Cabbages Lab

OBJ: use the apstring class

  1. In this lab, you will read in a text file, echoing each word to the screen, one word per line, remembering the longest word. Print the current word count and a space before each word. After all the words have been read in, display the longest word with a message. For example, if the above paragraph were the entered text, the output would be:

    Words found in text --
    	1 In
    	2 this
    	3 lab,
    	    :
    	50 message.
    	The longest word in the text is .
    For your text file, use the example from class, "cabbages.txt". You may obtain a copy of it from your teacher. When you write your client program "cabbages.cpp", be sure to add the statement #include "apstring.h" and "apvector.h" at the top. Check that the compiler knows where to find the header file.

    Hint for Part 1:

    void readIn ( )
    {	
    	ifstream infile ("cabbages.txt");
    	if ( ! infile )
    	{	cout << "File could not be opened." << endl;
    		exit (1);
    	}
    	apstring temp;			// for processing before putting into an array
    	while ( infile >> temp )	// reads one contiguous stream of non-space
    	{				// characters- discards delimiters (space, eoln, eof, tab)
    		:
    		//  print to screen with running count
    		:
    	}
    
  2. Store all the words found in the text file, excluding punctuation, into an array (apvector) of strings, eliminating duplicates and converting all to lowercase. Sort this array alphabetically. Finally display this sorted array of words, preceded by the index of each word.

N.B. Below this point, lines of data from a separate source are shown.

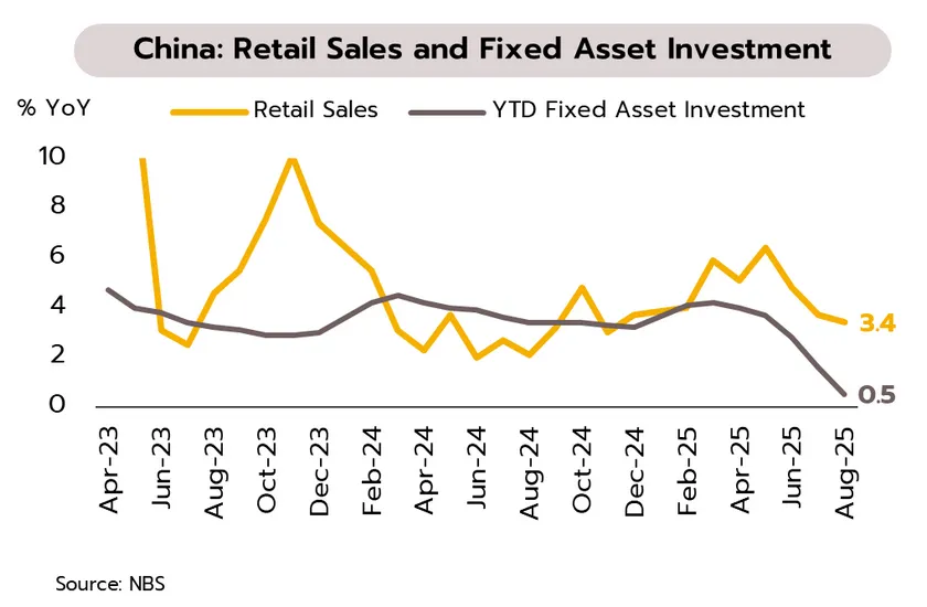 เศรษฐกิจจีนส่งสัญญาณชะลอตัวมากขึ้นสวนทางกับตลาดหลักทรัพย์ โดยยอดค้าปลีกขยายตัวชะลอลงต่อเนื่องจาก 3.7% YoY ในเดือนกรกฎาคมเป็น 3.4% ในเดือนสิงหาคม ผลผลิตภาคอุตสาหกรรมชะลอลงจาก 5.7% เป็น 5.2% การลงทุนในสินทรัพย์ถาวรช่วง 8 เดือนแรกแทบไม่ขยายตัวที่ 0.5% ลดลงอย่างมากจาก 1.6% ในช่วง 7 เดือนแรก ส่วนการลงทุนในภาคอสังหาริมทรัพย์หดตัวแรงขึ้นจาก -12% เป็น -12.9% อีกด้านหนึ่ง Shanghai Composite Index ณ วันที่ 19 กันยายนปรับตัวสูงขึ้น 10.5% เมื่อเทียบกับช่วงต้นเดือนกรกฎาคม
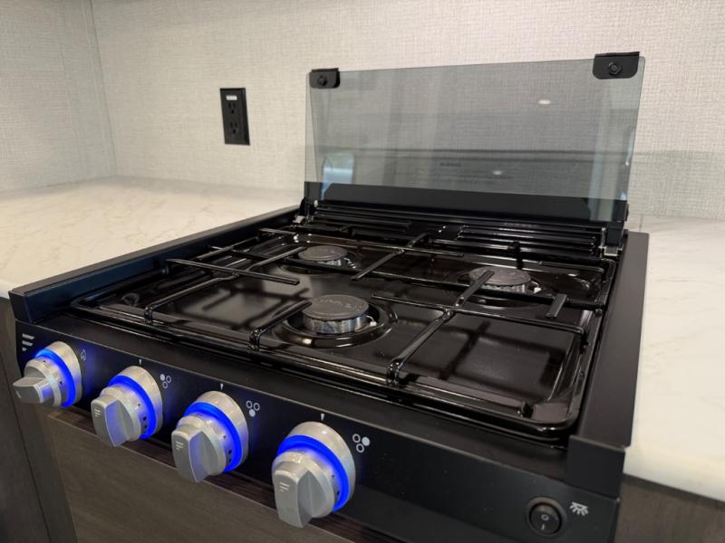 Whip up your favorite meals in the spacious galley, featuring a 3-burner range with oven, microwave, deep stainless steel sink, large refrigerator, and plenty of countertop space.
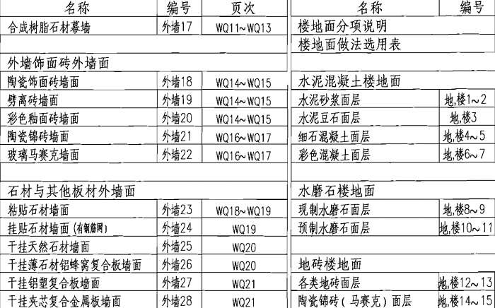 图集分为室外工程、外墙饰面工程、室内装修工程、屋面工程、建筑涂料五部分的工程做法及材料附表、附录。
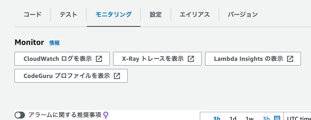 Lambdaのコンソール画面に入り、写真の「CloudWatchログを表示」ボタンを押下すると、Lambdaのログを見ることができます。そこからエラー原因を調査してみてください。
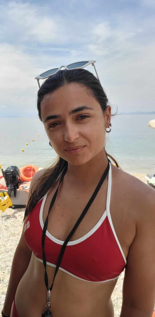 Αντιλαμβανόμενη ότι δεν μπορούν να επανέλθουν και έχοντας περάσει τα όρια οριοθέτησης της παραλίας πήρε το σωσίβιο διάσωσης και βούτηξε για να τα βοηθήσει.
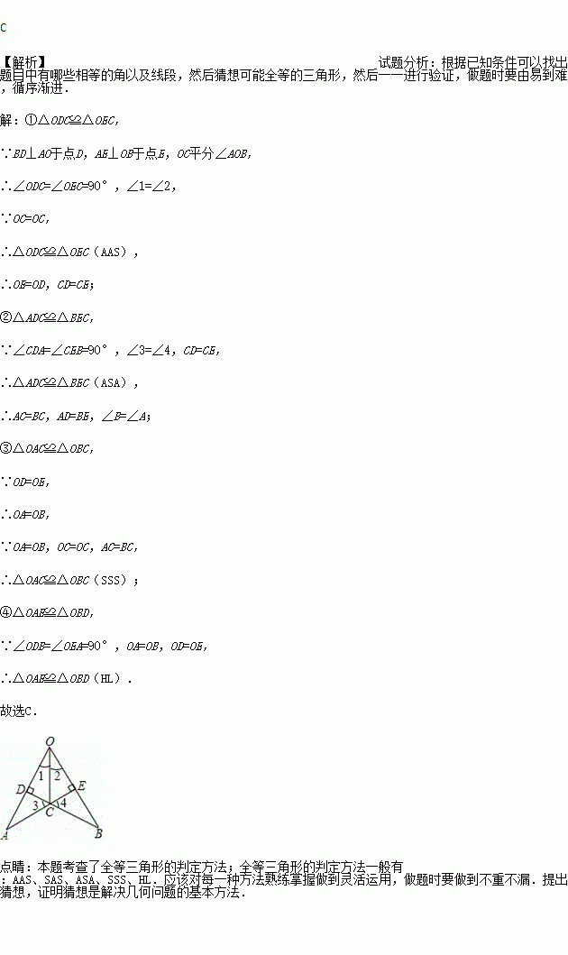 如图所示,∠1=∠2,AE⊥OB于E,BD⊥OA于D,交点为C,则图中全等三角形共有( )

    	Words sorted alphabetically with duplicates removed --
    	0 a
    	1 after
    	2 all
    	3 been
    	     :
    
    Hint for Part 2:

    void readIn ( apvector & words) 
    {	
    		:
    	int num, index = 0;
    	apstring temp;			// for processing before putting into an array
    	while ( infile >> temp )	// reads one contiguous stream of non-space characters
    	{				// discards delimiters (tab, space, eoln, eof)
    			:
    		//Set up an empty string to concatenate into, one letter at a time
    		words[index] = "";  	
    			:
    		num = temp.length( );
    		for (int j = 0;j < num;j++)   	// process one character at a time
    		{
    				:
    			// place only "accepted" lowercase, alphabetic characters into the string
    			word[index] = word[index] + temp[ j ];
    				:
    			index++;		// increment number of "words"
    		}  // for
    	}  // while
    	words.resize(index);		// adjust size to actual length when finished reading
    }
    
  3. BONUS - grep (globally search for the regular expression and print the lines) is an utility program from UNIX that scans a file for a given string and prints all lines containing the string. Modify your program to "grep" a phrase and display the line number and each line containing it, highlighting the phrase. For example, using the opening paragraph , the call

    	grep("the longest word"); 
    
    would display

    	Line 2: remembering , print the current word count and a space before each word.  
    	Line 3: After all the words have been read in, display  with a message.
    
    If the phrase does not appear in any line, state that.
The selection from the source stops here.